**Exercise materials:**
........

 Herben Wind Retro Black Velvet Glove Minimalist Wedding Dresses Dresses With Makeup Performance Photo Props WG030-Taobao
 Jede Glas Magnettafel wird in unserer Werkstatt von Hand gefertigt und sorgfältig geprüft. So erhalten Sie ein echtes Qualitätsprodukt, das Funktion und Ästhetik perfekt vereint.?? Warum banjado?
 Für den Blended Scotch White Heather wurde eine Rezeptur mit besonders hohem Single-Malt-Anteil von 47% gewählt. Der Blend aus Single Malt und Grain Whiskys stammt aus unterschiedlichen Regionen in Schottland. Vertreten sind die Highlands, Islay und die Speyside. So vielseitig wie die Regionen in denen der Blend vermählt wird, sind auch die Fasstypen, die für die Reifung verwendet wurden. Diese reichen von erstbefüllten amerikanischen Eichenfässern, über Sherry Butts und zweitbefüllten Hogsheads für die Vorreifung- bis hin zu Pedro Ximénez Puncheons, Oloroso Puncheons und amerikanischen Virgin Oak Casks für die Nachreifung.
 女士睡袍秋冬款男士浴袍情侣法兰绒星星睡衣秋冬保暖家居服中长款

........

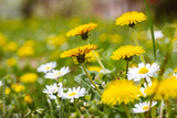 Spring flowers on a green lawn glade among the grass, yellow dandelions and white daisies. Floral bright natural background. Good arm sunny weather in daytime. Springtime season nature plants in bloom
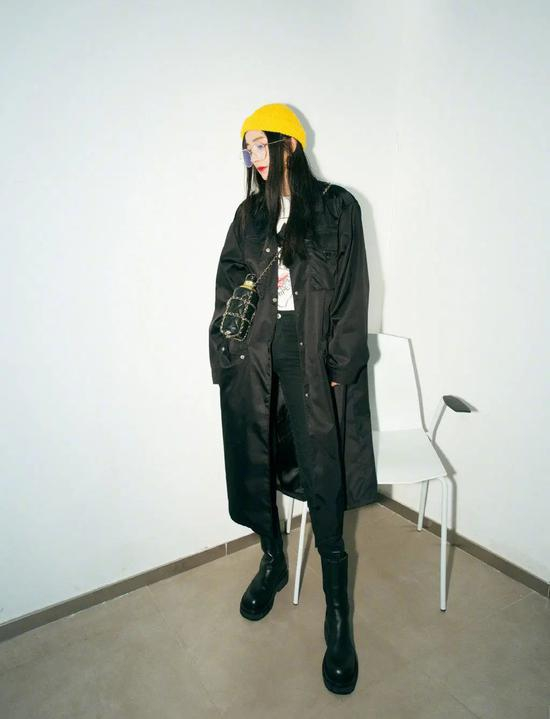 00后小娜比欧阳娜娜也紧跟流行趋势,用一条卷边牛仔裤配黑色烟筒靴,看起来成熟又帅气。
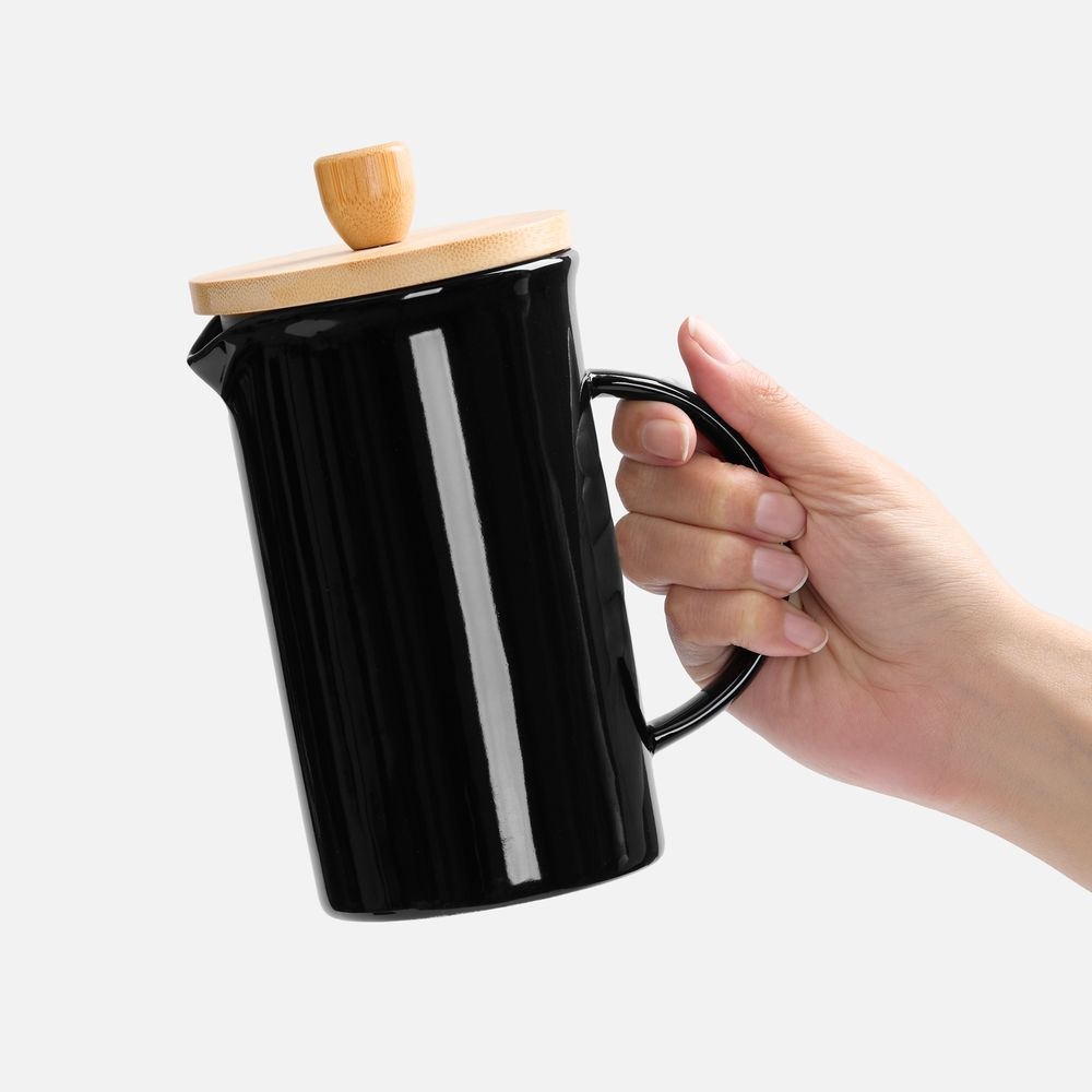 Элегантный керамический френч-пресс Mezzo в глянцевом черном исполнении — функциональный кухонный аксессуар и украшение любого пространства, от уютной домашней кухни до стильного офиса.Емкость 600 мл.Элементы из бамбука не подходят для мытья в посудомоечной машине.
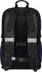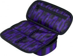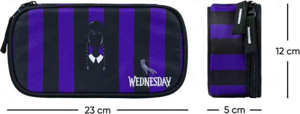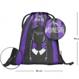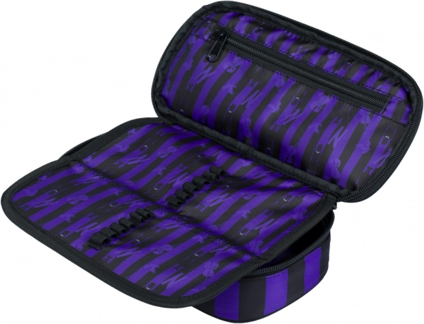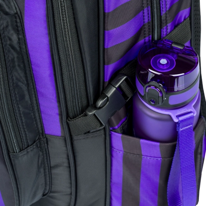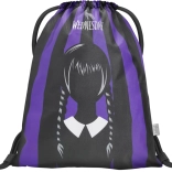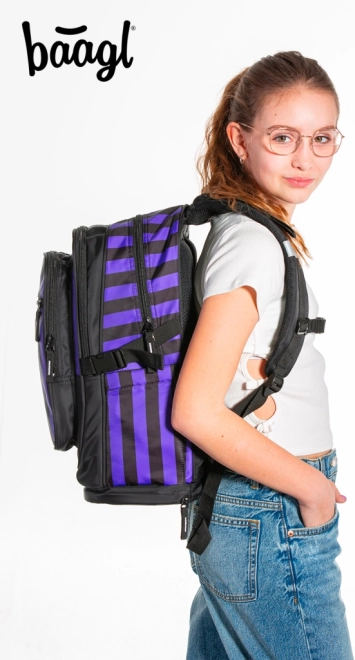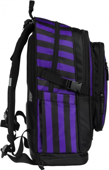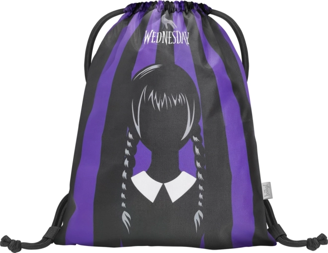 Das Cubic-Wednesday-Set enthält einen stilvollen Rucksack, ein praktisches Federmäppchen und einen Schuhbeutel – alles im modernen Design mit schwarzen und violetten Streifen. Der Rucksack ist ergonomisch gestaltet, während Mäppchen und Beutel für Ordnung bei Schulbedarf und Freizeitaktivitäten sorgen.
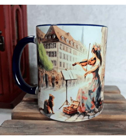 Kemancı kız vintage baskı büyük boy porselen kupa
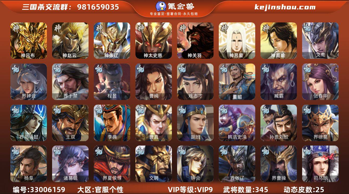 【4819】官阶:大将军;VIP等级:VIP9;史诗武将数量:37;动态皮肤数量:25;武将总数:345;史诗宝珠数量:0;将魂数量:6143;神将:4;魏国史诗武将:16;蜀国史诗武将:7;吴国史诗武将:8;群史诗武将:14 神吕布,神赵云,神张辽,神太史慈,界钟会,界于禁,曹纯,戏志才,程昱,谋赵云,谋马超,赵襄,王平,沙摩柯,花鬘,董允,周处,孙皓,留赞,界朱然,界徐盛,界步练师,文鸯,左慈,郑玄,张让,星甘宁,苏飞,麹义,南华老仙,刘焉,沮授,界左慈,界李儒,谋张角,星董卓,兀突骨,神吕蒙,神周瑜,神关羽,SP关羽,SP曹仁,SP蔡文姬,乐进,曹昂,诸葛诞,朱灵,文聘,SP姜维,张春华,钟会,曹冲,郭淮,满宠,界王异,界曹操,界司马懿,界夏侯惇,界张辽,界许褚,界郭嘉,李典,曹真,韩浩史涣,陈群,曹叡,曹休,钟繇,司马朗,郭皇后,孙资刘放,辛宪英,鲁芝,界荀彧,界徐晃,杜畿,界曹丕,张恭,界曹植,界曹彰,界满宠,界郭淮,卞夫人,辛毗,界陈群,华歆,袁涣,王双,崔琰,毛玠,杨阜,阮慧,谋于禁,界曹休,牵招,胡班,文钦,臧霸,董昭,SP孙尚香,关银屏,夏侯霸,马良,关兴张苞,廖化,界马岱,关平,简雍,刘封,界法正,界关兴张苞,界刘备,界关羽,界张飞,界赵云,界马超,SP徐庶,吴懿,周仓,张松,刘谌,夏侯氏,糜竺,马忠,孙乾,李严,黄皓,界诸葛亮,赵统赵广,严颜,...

........

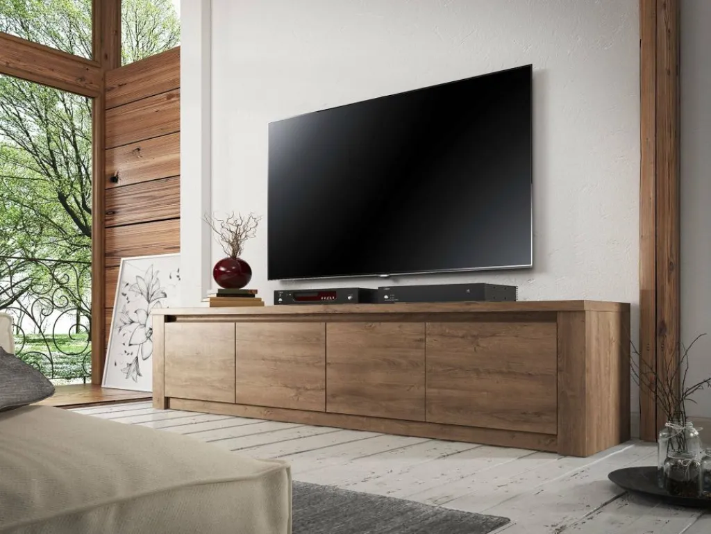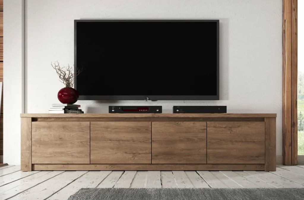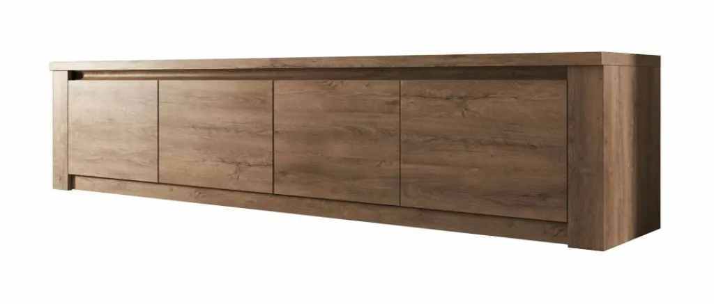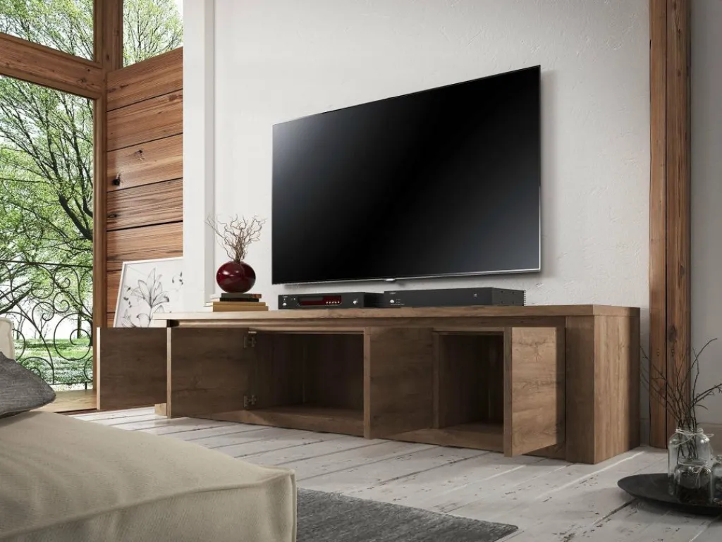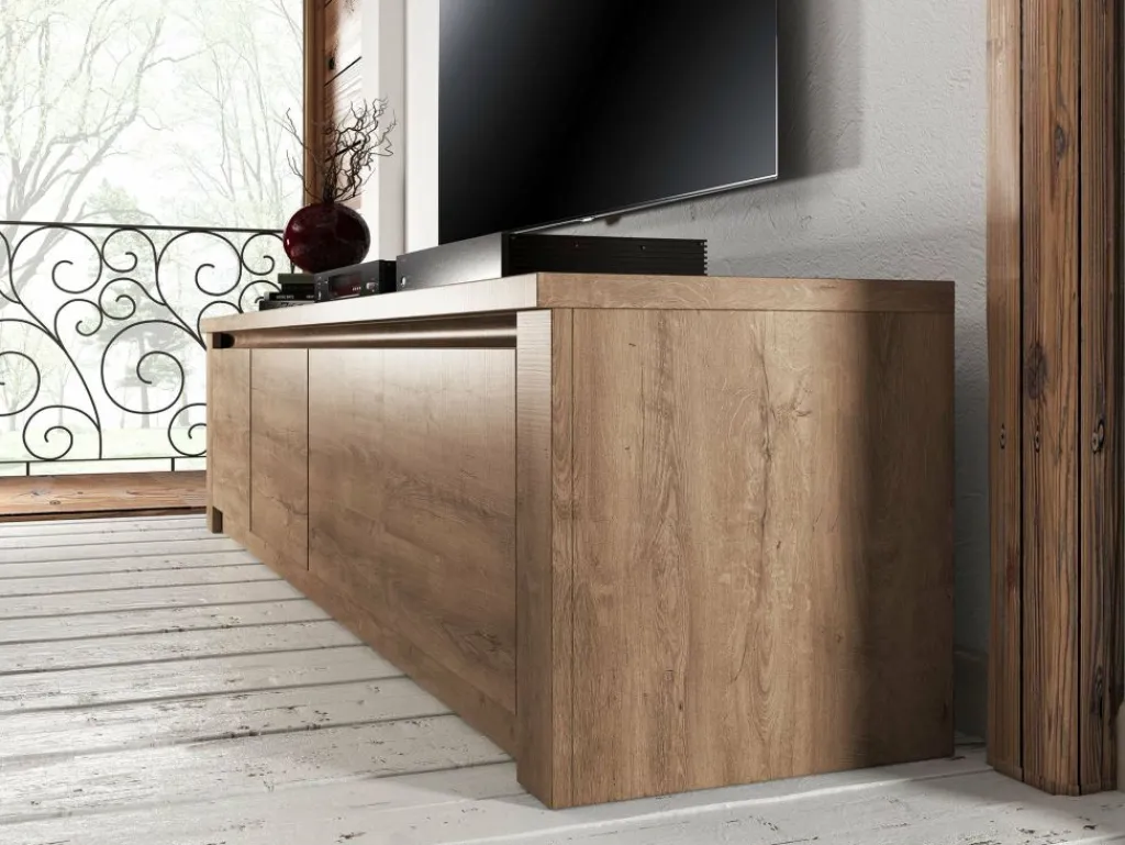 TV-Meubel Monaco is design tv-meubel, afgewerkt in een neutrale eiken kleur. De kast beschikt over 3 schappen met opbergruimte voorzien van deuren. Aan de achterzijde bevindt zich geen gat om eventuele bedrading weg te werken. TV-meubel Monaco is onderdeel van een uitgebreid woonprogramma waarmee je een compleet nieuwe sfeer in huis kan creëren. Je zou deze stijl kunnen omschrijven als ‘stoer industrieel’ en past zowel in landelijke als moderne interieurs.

........

**Exercise:**
Find the line with "00后小娜比欧阳娜娜也紧跟流" and the line with "Элегантный керамический френч-пресс" in the records above. Copy both and all lines between them exactly, without pictures.

**Output of the exercise:**
 00后小娜比欧阳娜娜也紧跟流行趋势,用一条卷边牛仔裤配黑色烟筒靴,看起来成熟又帅气。
 Элегантный керамический френч-пресс Mezzo в глянцевом черном исполнении — функциональный кухонный аксессуар и украшение любого пространства, от уютной домашней кухни до стильного офиса.Емкость 600 мл.Элементы из бамбука не подходят для мытья в посудомоечной машине.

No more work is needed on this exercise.